Lesson Plan

Lesson Plan
Grade: Date: 17/01/2026
Subject: Mathematics
Lesson Topic: Numerical methods: numerical solutions of equations, iterative methods
Learning Objective/s:
  • Describe the concept of root‑finding and why numerical methods are required.
  • Explain the principles and convergence criteria of bisection, Newton‑Raphson, secant, and fixed‑point iteration.
  • Apply each method to approximate a root of a given function to a specified tolerance.
  • Compare the efficiency and suitability of the methods for different problem conditions.
  • Evaluate the accuracy of obtained approximations using appropriate stopping criteria.
Materials Needed:
  • Projector or interactive whiteboard
  • Printed worksheet with example problems
  • Graphing calculator or computer with spreadsheet/IDE (e.g., Python)
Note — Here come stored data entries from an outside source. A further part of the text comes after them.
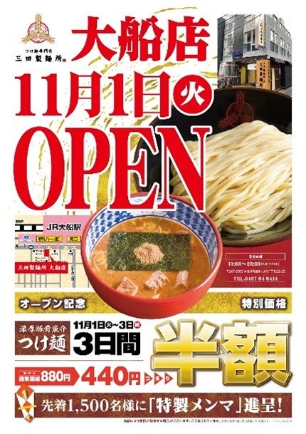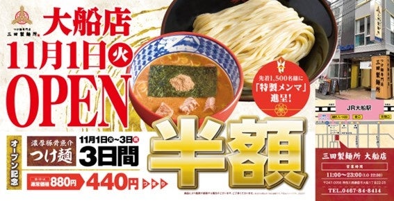 当店のOPENを記念して、11月1日(火)~3日(祝)の三日間「つけ麺半額セール」を開催致します。この期間中、三田製麺所の定番『濃厚豚骨魚介つけ麺』が通常880円(税込み)のところ、半額の440円(税込み)にてお召し上がり頂けます。近隣にお住まい・お勤めの方には、この機会に是非一度お越し頂ければ幸いです。
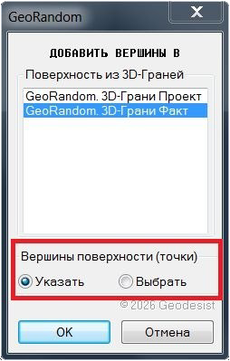 + Добавить вершины в поверхность из 3D-Граней, добавлена опция выбора способа добавления вершин (точек) поверхности: Указать или Выбрать.
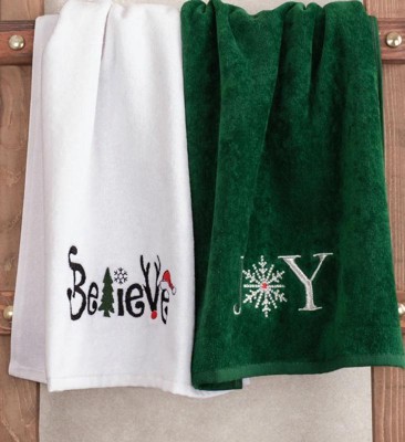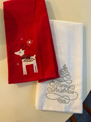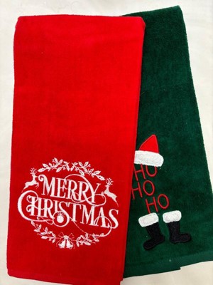 2-Piece Christmas Towel Set – Includes two 16" x 28" embroidered cotton towels designed for festive holiday décor.
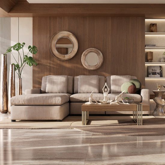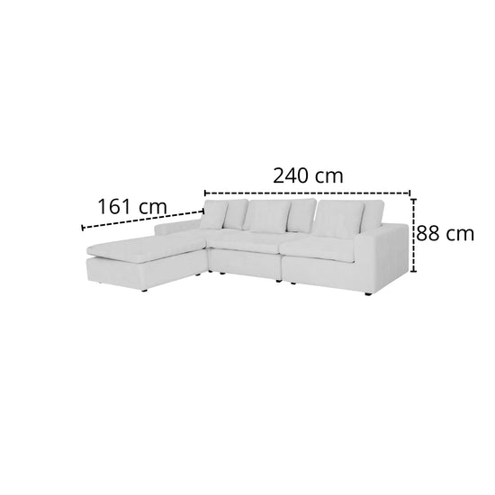 Dale a tu hogar un toque de sofisticación, comodidad y funcionalidad con este juego de sala. Su diseño modular permite adaptarla fácilmente a cualquier espacio, brindando una solución versátil y funcional, usa como safá en L o son sus módulos independientes.Tapizada en tela suave y resistente, con asientos acolchonados de máximo confort.
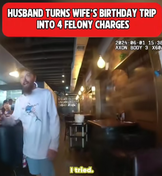 What was supposed to be a joyful birthday trip for a wife quickly spiraled into chaos when her husband’s actions turned the celebration into a night of legal trouble. Instead of ending the day with cake and laughter, the couple found themselves at the center of a police investigation that resulted in four serious felony charges against the husband.
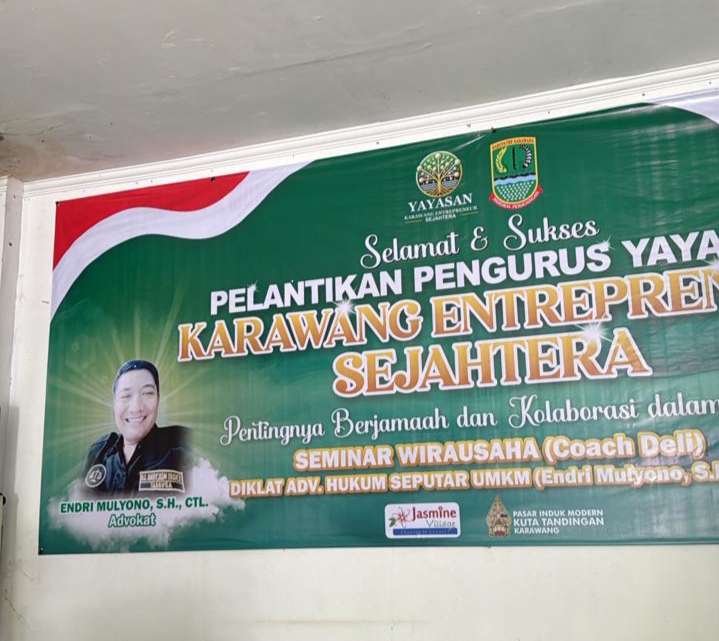 Pelantikan Yayasan Karawang Enterpreneur Sejahtera (KERSA) berlangsung pada Minggu, 16 Februari 2025, di Gedung Eks Samsat, Jl. Tuparev, Johar, Karawang. Acara ini dihadiri oleh H. Budiwanto, anggota Dewan Provinsi Jawa Barat Komisi 2 dari PKS, Coach Deli selaku Ketua Genpro 3 Padjajaran, serta Endri Mulyono, S.H., advokat kuasa hukum.
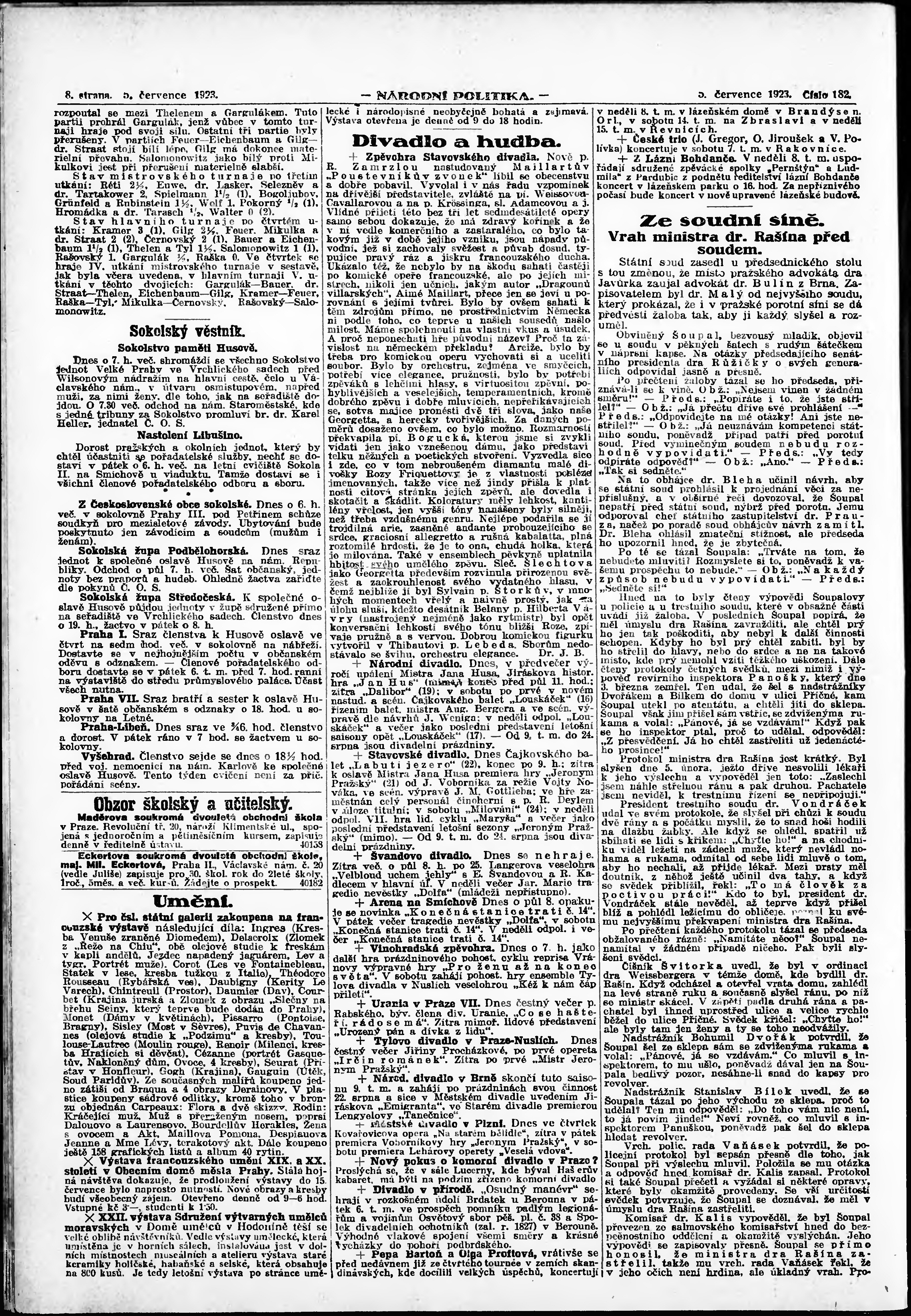 * Datum vydání výtisku: 5.7.1923 Číslo výtisku: 182 Poznámky k výtisku: ranní vydání; vydání pro Prahu;
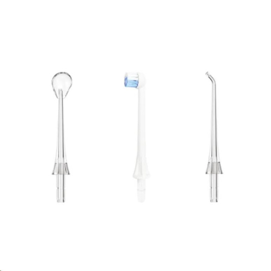 V balení výrobku najdete dvě standardní trysky na čištění zubů, dvě trysky na čištění jazyka a jednu trysku se zubním kartáčkem. Ústní sprchu tak můžete používat se svou láskou, základna zůstává stejná, pouze vyměníte rukojeti trysek. Po 6 měsících používání doporučujeme trysky vyměnit.
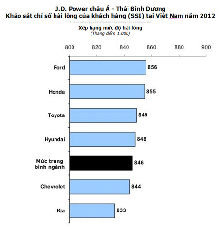 Mức độ hài lòng của khách hàng được chấm theo thang điểm 1.000, hãng nào có điểm cao hơn cho thấy mức độ thỏa mãn khách mua xe mới tốt hơn. Kết quả khảo sát năm nay, mức trung bình ngành là 846 điểm, giảm 15 điểm so với năm 2011. Điểm cụ thể của từng hãng như sau:
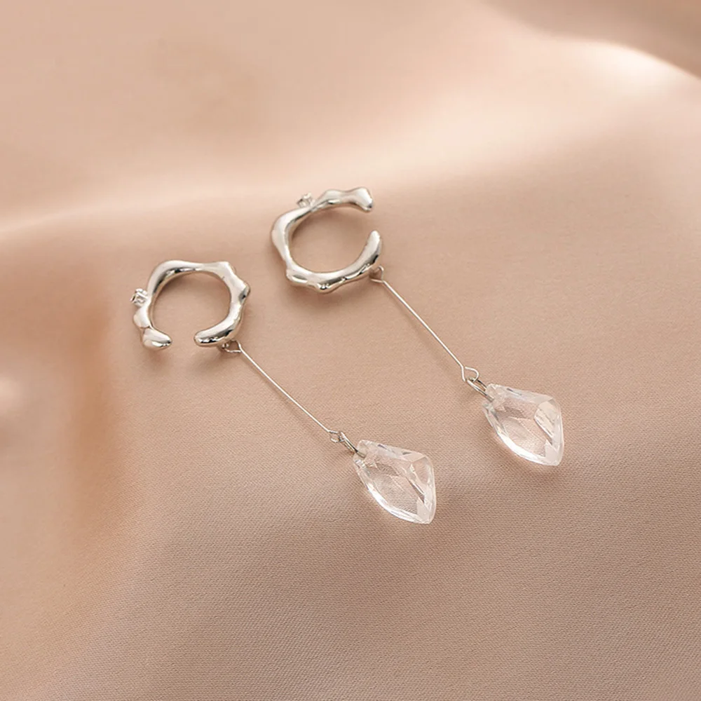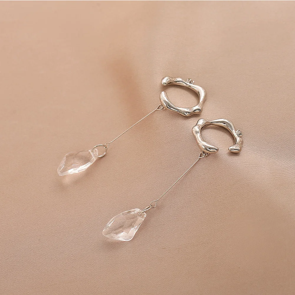 Серьга-клипса серебристого цвета, металлическая, с подвеской-кисточкой, для женщин и девочек, ювелирные украшения для вечерние

  • Whiteboard and markers
  • Handout summarising algorithms and convergence tables
Introduction:
Many real‑world equations cannot be solved exactly, so we turn to numerical techniques. Students should recall continuity, differentiability, and basic algebraic manipulation. By the end of the lesson they will be able to select an appropriate root‑finding method, execute it, and justify its convergence.
Lesson Structure:
  1. Do‑now (5'): Quick quiz on definitions of a root and continuity.
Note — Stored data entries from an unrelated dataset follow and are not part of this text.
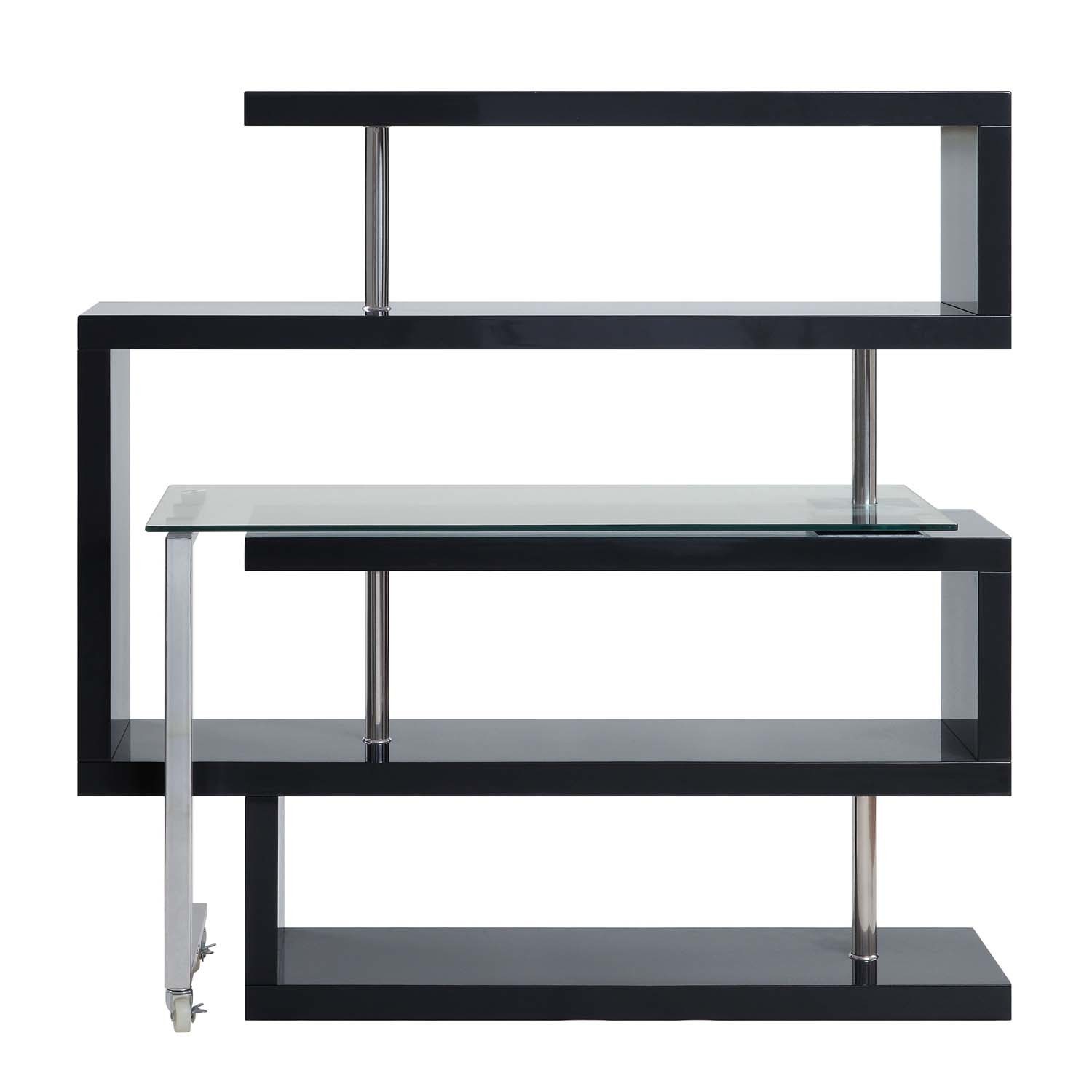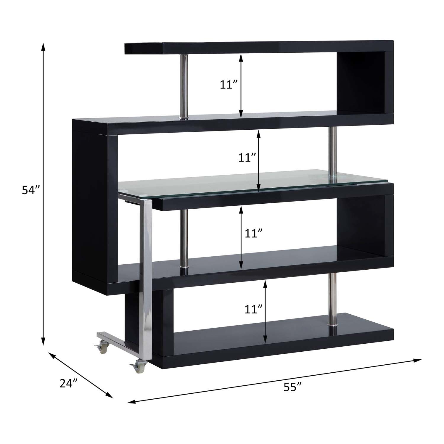 Features: Writing Desk w/Swivel Function Open Storage: 4 Shelves High Gloss Finish Metal Table Base Shelf Thickness: 2", Glass Thickness: 10 mm, Tempered Glass Set Includes: One (1) Writing Desk
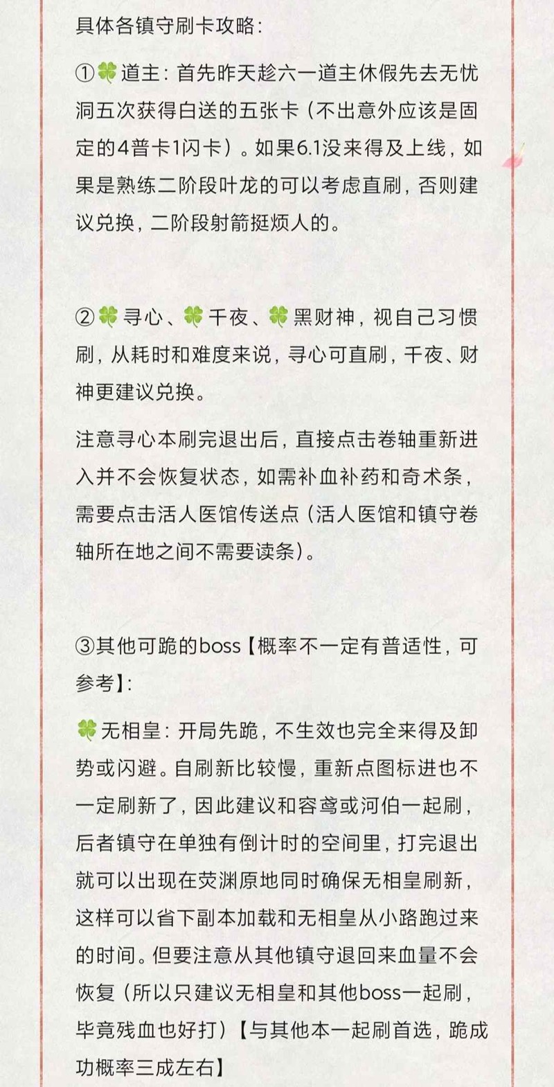 首先,卡是打完自动弹出奖励框,不需要花心力领奖励。所有boss必须至少打一遍,获得至少一张白卡,然后装备奇术黄金膝开始刷卡。
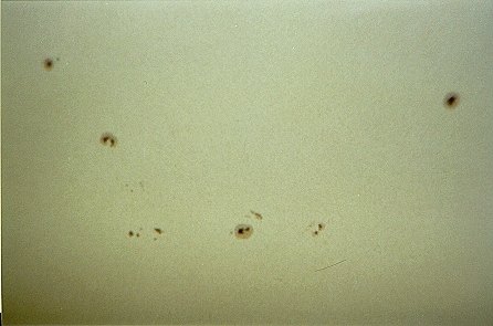 Der Versuch die Sonne mit der Videokamera aufzunehmen schlug fehl. Soll angeblich total einfach sein, man braucht nur die Kamera ans Okular halten, reinzoomen und filmen - Na, keine Ahnung warum, aber bei mir funktionierts nicht. Mehr als ein verwaschener Patzen, der mit der Sonne nichts zu tun hatte, ist es trotz grösster Bemühung nicht geworden. Vielleicht kann mir da jemand von Euch weiterhelfen.

  2. Mini‑lecture (10'): Overview of the root‑finding problem and convergence criteria.
  3. Demonstration (10'): Teacher models the bisection method on the board with a sample function.
  4. Guided practice (15'): Pairs apply bisection to a new function and verify results with calculators.
  5. Newton‑Raphson tutorial (10'): Derive the formula, discuss pitfalls, and compute iterations for a given cubic.
  6. Secant & Fixed‑point stations (10'): Small groups rotate through worksheets applying each method.
  7. Comparison discussion (5'): Class summarises advantages/disadvantages using a comparison chart.
  8. Exit ticket (5'): Students write which method they would choose for a specified scenario and why.
Conclusion:
We recap the key ideas of each iterative method and emphasise checking convergence criteria before accepting a result. The exit ticket provides a quick retrieval check, and for homework students will solve a root‑finding problem using two different methods and reflect on the accuracy achieved.